La trahison du mercenaire

Je sais, le titre de ce billet relève du pléonasme, puisqu’un mercenaire est par définition un traître. Marat Gabidullin nous a quand même prévenu. Dans son plus récent ouvrage, Ma vérité (Michel Lafon), il livre un témoignage frappant de vérité à propos de la nature d’Evgueni Prigojine – lequel a lancé il y a quelques heures une insurrection armée contre le président Vladimir Poutine.

Dès les premières pages, il aborde la course nationaliste dans laquelle son ancien patron est engagé, de même que ses ambitions politiques et de l’armée dont il dispose, une force « capable de déstabiliser tout le pays », des mots qui s’avèrent prophétiques. Depuis qu’il a quitté le groupe mercenaire, l’auteur affirme avoir compris « […] qu’il n’était guidé que par ses intérêts financiers, ses ambitions et sa soif de pouvoir. » Et tant pis si cela signifie qu’il doive poignarder celui sans qui il serait demeuré un intriguant insignifiant. C’est la loi de la jungle.

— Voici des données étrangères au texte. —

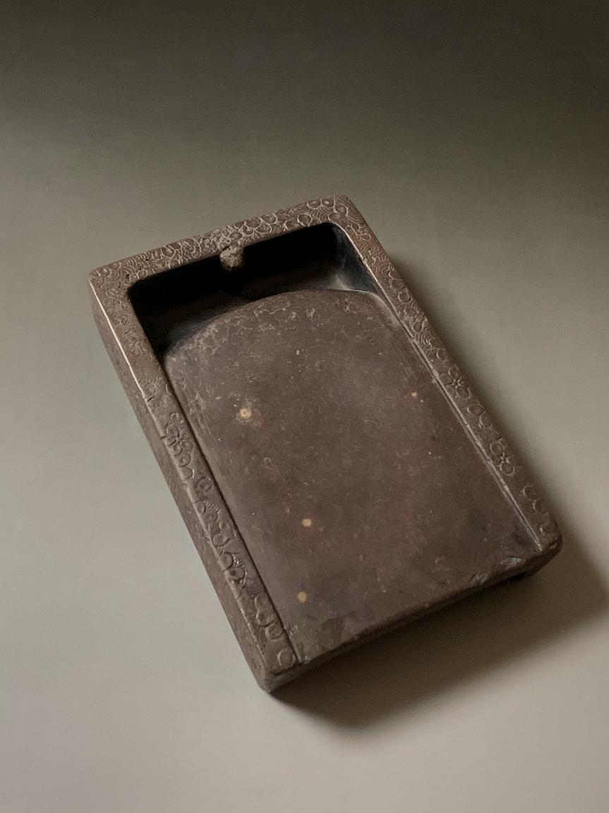 此砚四周满雕梅花。自古文人多爱梅,梅妻鹤子佳话不断。可想砚之主人对于梅花冒雪冲寒高超的品格的仰慕和喜爱,也是砚之主人高尚人格的追求和君子情怀的体现。细审该砚,梅花的雕刻比较独特,满砚梅花只见花瓣,不见繁枝密萼,地纹满饰海水纹,整朵的梅花夹以散落的花瓣自然飘落在海水纹上,让人自然联想起清代扬州八怪之一金冬心的画梅诗句:“偏是春风多狡狯,乱吹乱落乱沾泥”。也许是砚主不想让梅花沾泥,来吧,只有落到我的墨海里!

Son témoignage s’appuie sur son expérience au combat pour la société militaire privée en Tchétchénie, en Libye et en Syrie – pays dans lequel ses camarades et lui « sont allés au casse-pipe, sacrifiés pour sauver la crédibilité du commandement de l’armée russe » et la fréquentation du tonitruant homme d’affaires – il a subi une intervention chirurgicale aux frais d’Evgueni Prigojine. Selon lui, la hiérarchie du groupe Wagner – nommé ainsi en l’honneur du compositeur de prédilection d’Adolf Hitler – repose sur « […] des hommes obéissants et loyaux plutôt que sains d’esprit et expérimentés. » Des gladiateurs contemporains qui prennent les armes parce qu’ils sont payés. C’est la nature même d’un mercenaire et cela soulève la question à savoir qui règle la note de l’insurrection actuelle.